As the season changes to warm sunny Autumn days,I am drawn back to the kitchen to bake, make soups, and casseroles.
Today I created my version of a lemon loaf using up some sour cream and lemons
I had in the fridge.
This loaf has lots of lemony flavour , light texture and moist.
Prep time about 10 minutes bake time 55 minutes, quick and easy.
Sour Cream Lemon Loaf;
1/2 cup butter, soft
1 cup sugar
1 cup sour cream
1 1/2 cups flour, all purpose
1 tsp. baking powder
1/2 tsp. salt
1 Tbsp. lemon juice
grated rind from 1 lemon
1 tsp. vanilla
juice of 1 lemon
1/4 cup sugar
In large bowl cream butter and sugar, add eggs one at a time beating until creamy.

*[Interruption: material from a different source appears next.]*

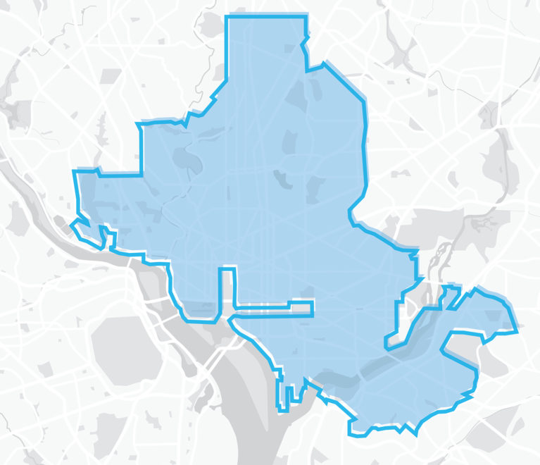 Revel’s D.C. service area map focuses on the Downtown Business District and nearby areas.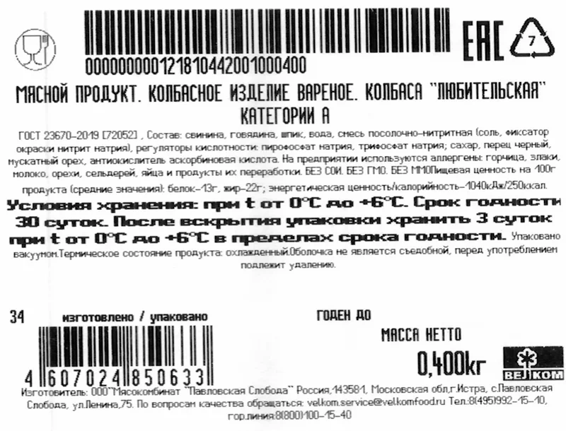 | Вид колбасы | любительская |

Add sour cream, 1Tbsp. lemon juice,lemon rind and vanilla. Stir till just mixed in.
Sift together flour, baking powder and salt.
Add flour mixture to butter mixture stirring until just blended.

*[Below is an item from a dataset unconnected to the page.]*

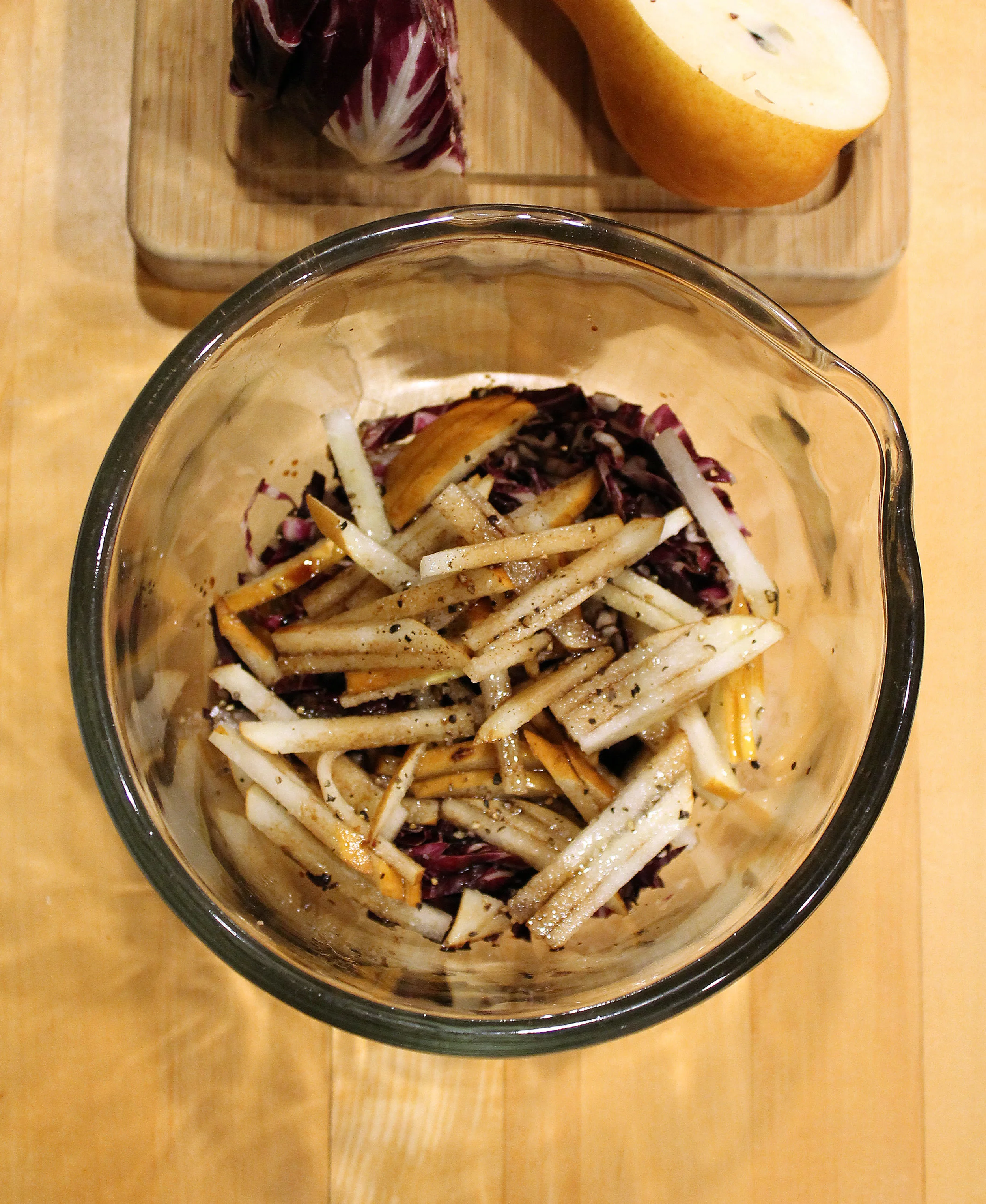 It may not be the most trendy or cutting edge, but Williams Sonoma's Salad of the Day cookbook is an old standby. I've had it for several years and it is actually one of my more frequently used volumes. Any time I find myself lacking salad inspiration I can crack it open, flip to today's date, and find an interesting salad made with seasonal ingredients. I often flip through the nearby days to find one that grabs my eye. I also really love their Healthy Dish of the Day book for the same reason. Both are approachable and eternally useful in providing a seemingly endless supply of exciting new dinner ideas. ANYway. So I was looking through Salad of the Day as per usual and this radicchio and pear salad caught my eye. Mostly because I realized that I had both pear and radicchio in my refrigerator. And also I was hungry.

Scrape into a greased 9x5 loaf pan.
Bake at 350 for 55 minutes.
While baking combine lemon juice remaining and 1/4 cup sugar in a saucepan heat until sugar is dissolved.
Once loaf is baked cool in for pan 5 minutes, while still hot poke holes all over the loaf top, sides and bottom, spoon the glaze evenly all over.
One could got over the top and ice this loaf with a simple butter cream frosting but for me with a cup of tea or coffee it is just..........Yummy!
To go with the dessert lemon loaf:
I made chili served on a bed of egg noodles( a trick my sister taught me) topped with grated Parmesan cheese and a slice of beer bread.
Nothing fancy just good home cooking all from scratch.